[Gluster-devel] inode linking in GlusterFS NFS server

2014-07-07 Thread Raghavendra Bhat


Hi,

As per my understanding nfs server is not doing inode linking in 
readdirp callback. Because of this there might be some errors while 
dealing with virtual inodes (or gfids). As of now meta, gfid-access and 
snapview-server (used for user serviceable snapshots) xlators makes use 
of virtual inodes with random gfids. The situation is this:


Say User serviceable snapshot feature has been enabled and there are 2 
snapshots (snap1 and snap2). Let /mnt/nfs be the nfs mount. Now the 
snapshots can be accessed by entering .snaps directory.  Now if snap1 
directory is entered and *ls -l* is done (i.e. cd 
/mnt/nfs/.snaps/snap1 and then ls -l),  the readdirp fop is sent to 
the snapview-server xlator (which is part of a daemon running for the 
volume), which talks to the corresponding snapshot volume and gets the 
dentry list. Before unwinding it would have generated random gfids for 
those dentries.


Now nfs server upon getting readdirp reply, will associate the gfid with 
the filehandle created for the entry. But without linking the inode, it 
would send the readdirp reply back to nfs client. Now next time when nfs 
client makes some operation on one of those filehandles, nfs server 
tries to resolve it by finding the inode for the gfid present in the 
filehandle. But since the inode was not linked in readdirp, inode_find 
operation fails and it tries to do a hard resolution by sending the 
lookup operation on that gfid to the normal main graph. (The information 
on whether the call should be sent to main graph or snapview-server 
would be present in the inode context. But here the lookup has come on a 
gfid with a newly created inode where the context is not there yet. So 
the call would be sent to the main graph itself). But since the gfid is 
a randomly generated virtual gfid (not present on disk), the lookup 
operation fails giving error.


As per my understanding this can happen with any xlator that deals with 
virtual inodes (by generating random gfids).

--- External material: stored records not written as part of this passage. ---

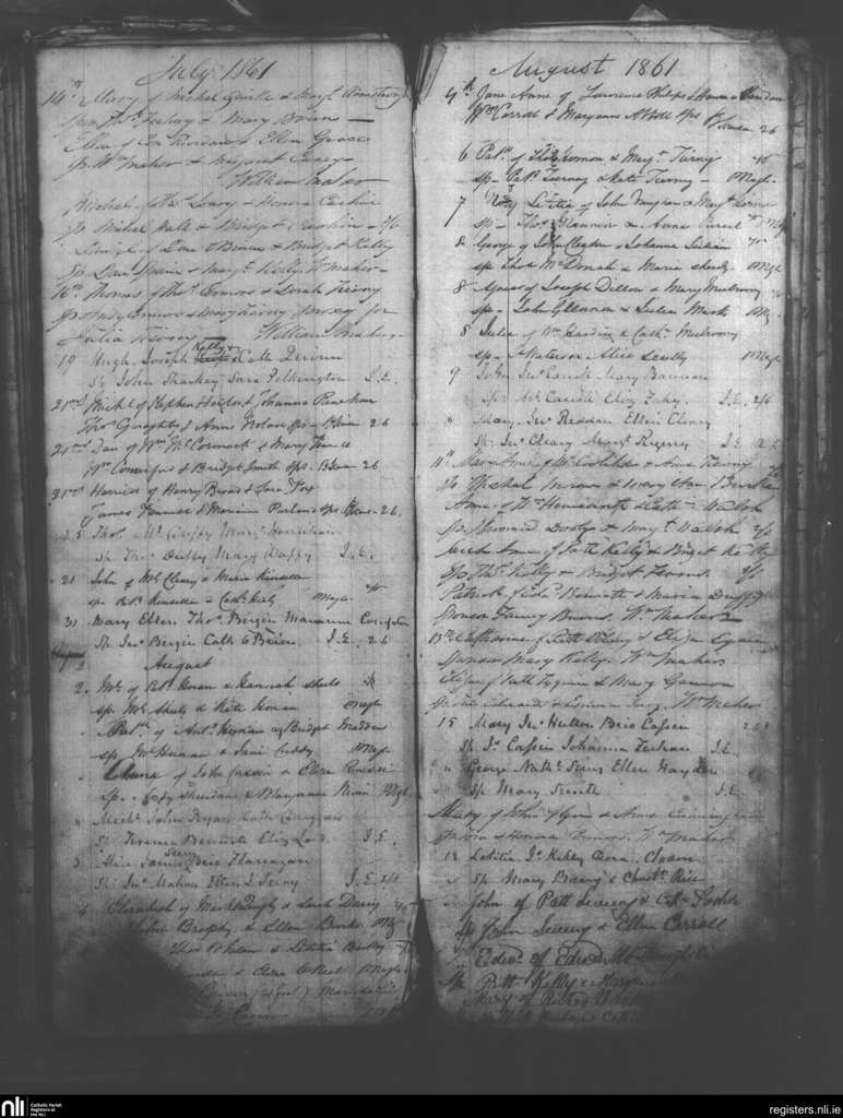 Birr and Loughkeen; County of Offaly, Tipperary; Diocese of Killaloe. Baptisms, July 1861 to Aug. 1861
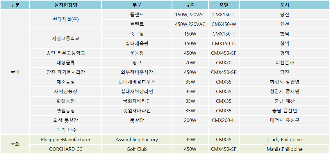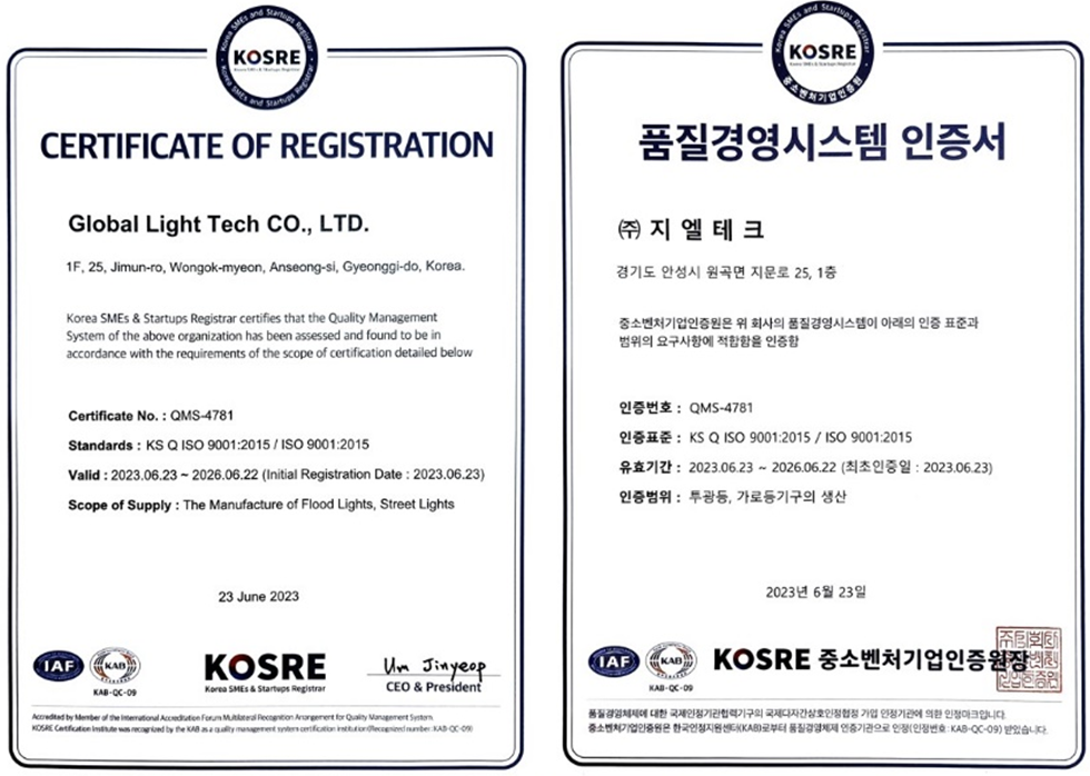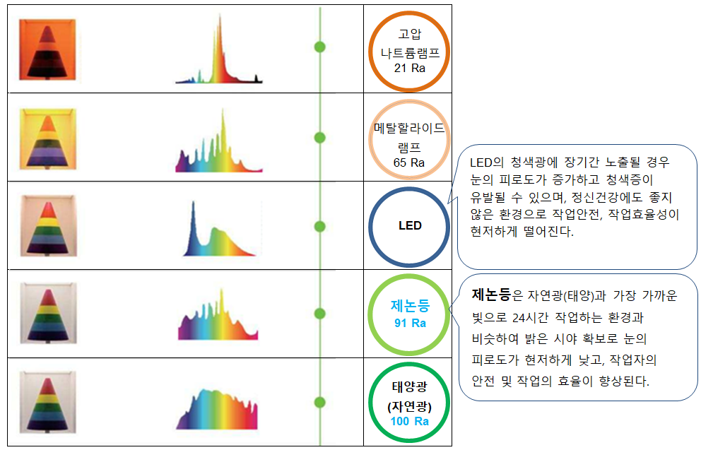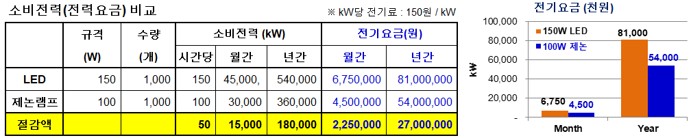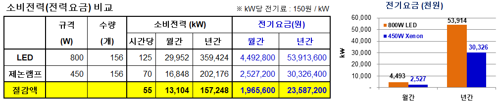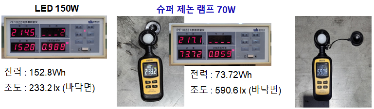 제논 램프로 세상을 밝히세요 왜 슈퍼 제논 램프인가? 더 밝고, 더 오래 사용하고 에너지 절감이 탁월한 슈퍼 제논 램프 ※ 조달청에서 ‘GLTech’로 제논 조명 제품 검색 가능 슈퍼 제논 램프 vs. LED 램프 슈퍼 제논 램프설치 위치가 10m 이상에서도 조도가 높고 유지 관리가 용이함 탁월한 성능전력 사용량 50% 수준 절감밝기는 2배 이상 인체에 안전 : 태양광과 유사낮은 보수 비용 : 램프만 교체함으로써 유지,보수비용 절감 조도 비교 : 제논 램프와 LED 비교 전력 소비량 절감 설치 장소와 조건에 따라 약 30~50%의 전력 절감 효과가 있음 ◎ ‘B’ 기업의 물류센터 : 전력 사용량 53% 절감 현장 : 이천 물류 회사 (대한민국)설치 면적 : 40,000㎡설치 일자 : 2023년 1월 6일이전(LED)과 동일하게 9m 높이에 설치1일 24시간 사용 기준 바닥 조명 : 9m 높이에 설치된 LED와 슈퍼 제논 램프 비교 ※ 물류 창고 바닥 조도 안전 기준 : 300럭스(lx) 이상 LED등을 제논 램프(70W)로 교체 작업 중 슈퍼 제논 램프는 기존 LED에 비해 조도가 개선되었고, 전력 소비를 2배 이상 절감되었음. LED 광원의 눈부심은 눈의 피로를 가중시킴 LED의 광효율과 조도는 시간이 지남에 따라 감소 ◎ 골프장 : 소비전력 34% 절감 1일 8시간 사용 기준 ◎ 가로등 : 소비전력 33% 절감 1일 10시간 사용 기준 슈퍼제논 램프 : 연색성이 높아 더욱 안전한 환경을 제공합니다. ※ 연색성조명이 햇빛(자연광)에 얼마나 가까운지를 나타내는 지표연색성 지수가 100에 가까울수록 태양광과 더 유사하며, 색상이 균일하고 자연스러움. 눈부심과 조도 슈퍼제논 램프눈부심이 적고실제로 조명이 비추는 표면의 밝기가 뛰어남 LED 램프 : LED의 빛 자체는매우 밝지만, 실제 비춰지는 표면의 밝기는 상대적으로 낮음.슈퍼 제논 램프 : – 광원 자체는 눈에 띄게 밝지 않지만, 조사 면의 밝기는 매우 우수. – 불필요한 외부로의 빛 누출을 최소화하여 빛 공해 및 민원 감소 제품 종류 및 규격 1. 가로등 (나라장터에 제품 등록됨) 1-1) 가로등 1-2) 태양광 가로등 제품명 : 35W(CMX35-SSL), 55W(CMX55-SSL) 탁월한 성능전력사용량 30~50% 감소램프만 교체, 유지보수 비용이 크게 절감.하루 10시간 충전 후 48시간 동안 조명 제공 태양광 충전을 못할 경우 충전용 배터리의 용량에 따라 사용시간 결정LED 70W 보다 제논등 35W 가로등을 사용할 경우 소형 배터리를 사용하게 되므로 3~4배 경제성이 있음. 2. 투광등 2-1) 스포츠/조명타워/창고용 2-2) 공장/창고용(실내외용) 2-3) 공장/창고용(실내용) 3. 스포츠 조명 : 운동장 / 골프장 4. 탐조등(서치라이트) : CCTV / 보안 / 군사용 5. 방폭등 : 화학 공장 및 관련 시설 설치하여 2년 간 사용 결과 문제가 없어서 공장 전체로 확장 진행 중 슈퍼 제논 램프 150W ('K' 제철) 12개월 사용 시 열과 먼지에 의해 손상된 LED등 상태 LED 150W ('K' 제철) 'K' 제철 슬러지 공장 설치 후의 사진 'K' 제철 고로 공장 설치 전/후 사진 비교 설치 현장의 성능 비교 실외 스포츠 실내 스포츠 공 항 항 구 제논 램프의 적용 심해 어업 선박 / 화물선 공장 / 창고 설치 장소 설치된 사진 인증서 KC안정인증서 특허 품질경영시스템 인증서 전파인증서
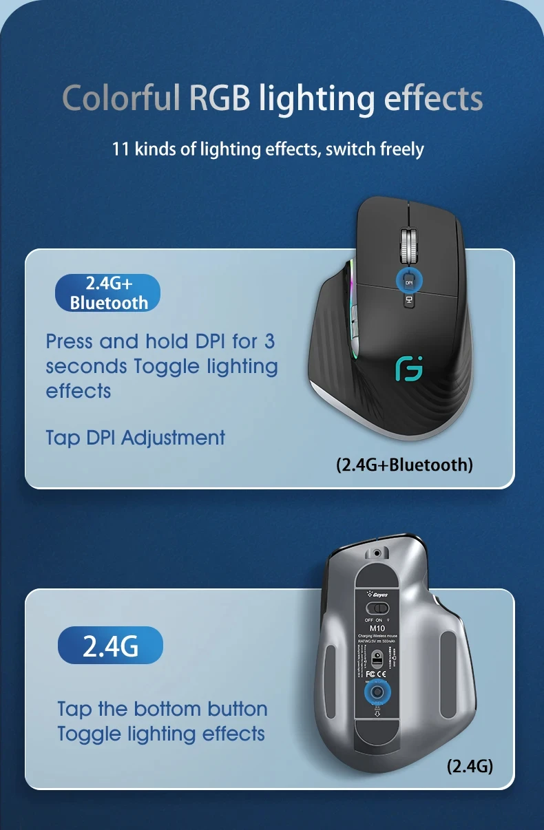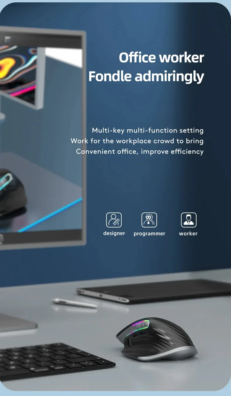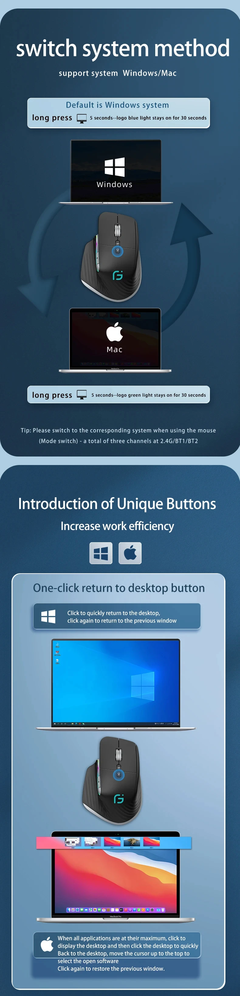Modo triple:Ratón inalámbrico 2,4G y ratón Buletooth
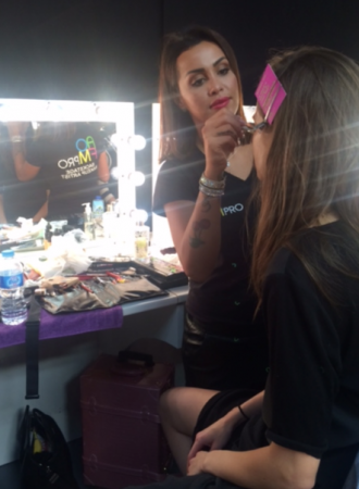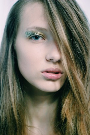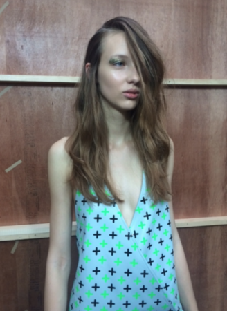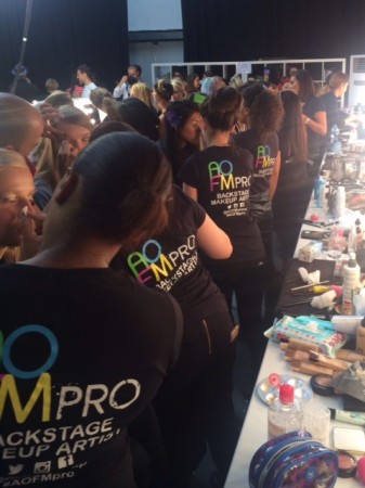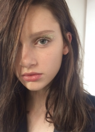 For Fyodor Golan the look was perfect for the futuristic style with lots bold geometric prints. Skin was prepped with Dermalogica. The main focus was a textured metallic gold eye make up and glossy dewy skin created with Egyptian Magic cream gave a beautiful finish complimenting the collection.
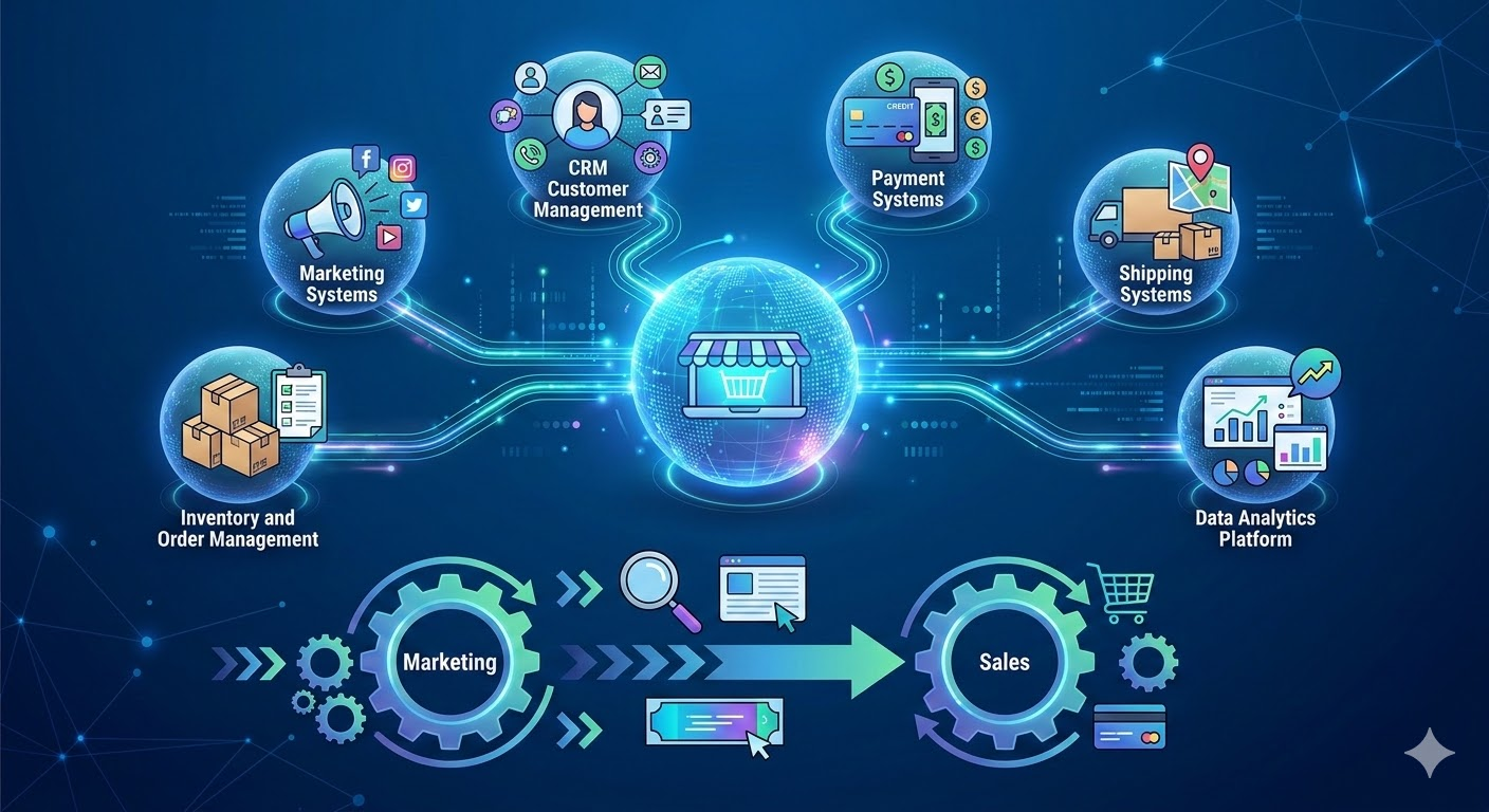 Trong hệ sinh thái số của doanh nghiệp, nền tảng thương mại điện tử đóng vai trò quan trọng trong việc kết nối marketing, bán hàng, dữ liệu khách hàng và vận hành doanh nghiệp. Khi được triển khai hiệu quả, nền tảng thương mại điện tử không chỉ giúp doanh nghiệp tăng doanh thu mà còn trở thành trung tâm của hệ sinh thái kinh doanh số.
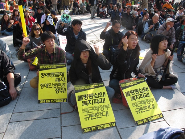 또한 1017 조직위는 정부의 가난한 이에 대한 탄압이 도를 넘고 있다고 성토했다. 1017 조직위는 “박근혜 대통령은 당선 직후 구걸행위를 금지하더니 부정수급을 근절하겠다며 기초생활수급자, 복지수급자들을 예비범죄자화 했다”라며 “거리 노숙인을 유인, 감금하고 의료수가를 챙겨온 병원에겐 그 죄를 묻지 못한다. 거리 미화, 불법을 들먹이며 노점상을 폭력적으로 단속하는 한편 잘못된 개발정책으로 인한 철거민들의 문제 해결에는 무책임하다”라고 꼬집었다.
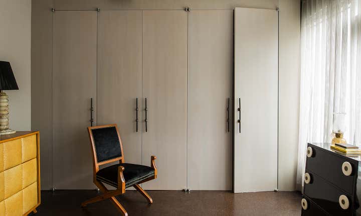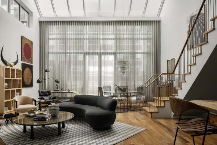 In keeping with a classic New York loft, we aimed to keep the open loft-like vibe in the front portion of the loft. The double height volume and open living, dining and kitchen areas open to a terrace facing the street. To juxtapose that experience in the back are the cozy bedrooms that open to covered terraces which feel more like a retreat.
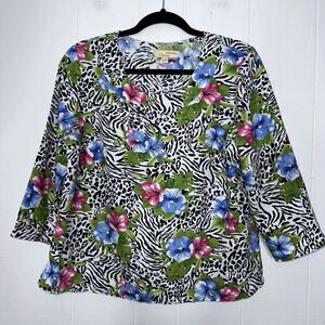 Choices Women’s 100% Linen Animal Print Floral Top Zebra Size Medium
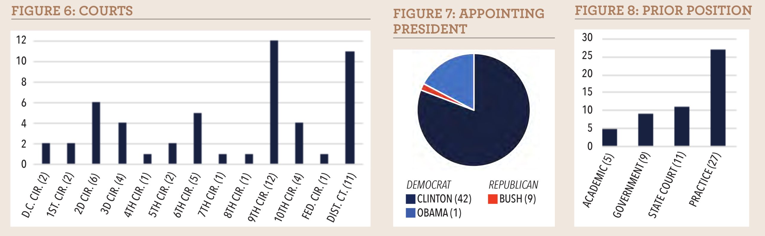 Figure 1. Courts. The Ninth Circuit’s lead is unsurprising, as it is the largest regional circuit, with 29 approved active judgeships — more judges means more clerks, which means more future academics from among those clerks. The D.C. Circuit is regarded as the “junior Supreme Court” and the most prestigious circuit,15 from which we would expect legal academics to emerge. The circuits represented expands going down the list of judges.
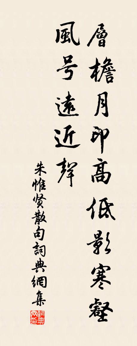 詩詞名句歷史字典書法欣賞書法字典國語詞典說文解字康熙字典古漢語字典標 題 作 者 詩 句 句作者:朱惟賢 朝代:宋代句原文層檐月印高低影,寒壑風號遠近聲。詩詞問答問:句的作者是誰?答:朱惟賢問:句寫於哪個朝代?答:宋代朱惟賢句書法欣賞句書法作品詩詞推薦題東西二梁山三首楊萬里〔宋代〕二梁雙黛點東西,牛渚看來活底眉。阿敞盡時微失手,一眉高著一眉低。點絳唇佚名〔宋代〕荷葉乍圓,正是困人天氣。清明資福僧遣詩賦此以答之陳文蔚〔宋代〕清明恰值雨晴時,勝喜鄰僧福有詩。十里懶尋沽酒旆,一編深下讀書帷。放懷是處青春好,無事於中白日遲。況是閒夜詠懷因招周協律劉薛二秀才白居易〔唐代〕世名檢束為朝士,心性疏慵是野夫。高置寒燈如客店,深藏夜火似僧爐。香濃酒熟能嘗否?冷澹詩成肯和無?若厭雲際嶺李呂〔宋代〕凌空石磴三千丈,匝地瑤林百萬花。自有眼來方見此,直疑身山到仙家。題錢舜舉寫生五首石榴陳深〔宋代〕萬里乘槎來,錦衣驚畫炫。相逢秋風中,忽發一笑粲。辭主人絕句四首放鷺鷥齊己〔唐代〕白萍紅蓼碧江涯,日暖雙雙立睡時。顧揭金籠放歸去,卻隨沙鶴斗輕絲。句程師孟〔宋代〕昨夜清溪明月里,想君靈魄未消沉。逢莊納因贈皇甫冉〔唐代〕世故還相見,天涯共向東。春歸江海上,人老別離中。郡吏名何晚,沙鷗道自同。甘泉須早獻,且莫嘆飄蓬。十六字令 案詞品卷一誤作周邦彥詞。詞綜卷周玉晨〔元代〕眠。月影穿窗白玉錢。無人弄,移過枕函邊。張安國集中三首,蔡伸道集中一首,其首俱以一字句斷,今本訛眠字風不鳴條金厚載〔唐代〕寂寂曙風生,遲遲散野輕。露華搖有滴,林葉裊無聲。暗剪叢芳發,空傳谷鳥鳴。悠揚韶景靜,澹蕩霽煙橫。遠水次韻景珍酴醾黃庭堅〔宋代〕莫惜金錢買玉英,擔頭春老過清明。天香國艷不著意,詩社酒徒空得名。及此一時須痛飲,已拚三日作狂酲。濠州客路吳仁璧〔唐代〕人寰急景如波委,客路浮雲似蓋輕。回首故山天外碧,十年無計卻歸耕。陳子尚滄洲趣曾豐〔宋代〕湘江之水青悠悠,滄江宛在江中流。猗蘭青青結幽思,杜若紛紛生遠愁。前灣瞥見一漁艇,何處飛來雙白鷗。帝子餞王尚書出邊張九齡〔唐代〕漢相推人傑,殷宗伐鬼方。還聞出將重,坐見即戎良。上策應為豫,中權且用光。令申兵氣倍,威憺虜魂亡。樹比對月黃庚〔宋代〕萬里無雲天宇寬,十分秋色上樓看。月浮滄海蟾光濕,星落明河象緯寒。醉後盡教詩筆健,吟邊莫放酒杯乾。一聲立春示兒二首王之道〔宋代〕朝來何所喜,人唱玉樓春。酒著心還壯,詩成思轉新。士衡寧久困,曲逆豈長貧。千載風雲會,欣逢聖主真。念奴嬌曹勛〔宋代〕瑑冰鑄雪,賦神情天壤,無倫香澤。月女霜娥,直是有如許,清明姿色。細玉釵梁,溫瓊環佩,語好新音發。相逢代村中老人答李端〔唐代〕京洛風塵後,村鄉煙火稀。少年曾失所,衰暮欲何依。夜靜臨江哭,天寒踏雪歸。時清應不見,言罷淚盈衣。潼關譚嗣同〔清代〕終古高雲簇此城,秋風吹散馬蹄聲。河流大野猶嫌束,山入潼關解不平。名句推薦數年來往鹹京道,殘杯冷炙謾消魂晏殊《山亭柳·贈歌者》 早知恁么。悔當初、不把雕鞍鎖。柳永《定風波·自春來》 故大人之務,將在於眾賢而已。墨子《墨子·08章 尚賢(上)》 行非恆者,天禁之。爽事,地禁之。佚名《黃帝四經·十大經·三禁》 燕山雪花大如席,片片吹落軒轅台。李白《北風行》 送君九月交河北,雪裡題詩淚滿衣。岑參《送崔子還京》 不見南師久,謾說北群空。陳亮《水調歌頭·送章德茂大卿使虜》 路出大梁城,關河開曉晴。謝榛《渡黃河》 絳雪生涼,碧霞籠夜,小立中庭蕪地。吳文英《拜星月慢·林鐘羽姜石帚以盆蓮數十置中庭宴客其中》 此地別燕丹,壯士發衝冠。駱賓王《於易水送人 / 於易水送別》

I can think of these 2 methods to handle this:
1)  do inode linking for readdirp also in nfs server
2)  If lookup operation fails, snapview-client xlator (which actually 
redirects the fops on snapshot world to snapview-server by looking into 
the inode context) should check if the failed lookup is a nameless 
lookup. If so, AND the gfid of the inode is NULL AND lookup has come 
from main graph, then instead of unwinding the lookup with failure, send 
it to snapview-server which might be able to find the inode for the gfid 
(as the gfid was generated by itself, it should be able to find the 
inode for that gfid unless and until it has been purged from the inode 
table).



Please let me know if I have missed anything. Please provide feedback.

Regards,
Raghavendra Bhat
___
Gluster-devel mailing list
Gluster-devel@gluster.org
http://supercolony.gluster.org/mailman/listinfo/gluster-devel


Re: [Gluster-devel] inode linking in GlusterFS NFS server

2014-07-07 Thread Anand Avati
On Mon, Jul 7, 2014 at 12:48 PM, Raghavendra Bhat rab...@redhat.com wrote:


 Hi,

 As per my understanding nfs server is not doing inode linking in readdirp
 callback. Because of this there might be some errors while dealing with
 virtual inodes (or gfids). As of now meta, gfid-access and snapview-server
 (used for user serviceable snapshots) xlators makes use of virtual inodes
 with random gfids. The situation is this:

 Say User serviceable snapshot feature has been enabled and there are 2
 snapshots (snap1 and snap2). Let /mnt/nfs be the nfs mount. Now the
 snapshots can be accessed by entering .snaps directory.  Now if snap1
 directory is entered and *ls -l* is done (i.e. cd /mnt/nfs/.snaps/snap1
 and then ls -l),  the readdirp fop is sent to the snapview-server xlator
 (which is part of a daemon running for the volume), which talks to the
 corresponding snapshot volume and gets the dentry list. Before unwinding it
 would have generated random gfids for those dentries.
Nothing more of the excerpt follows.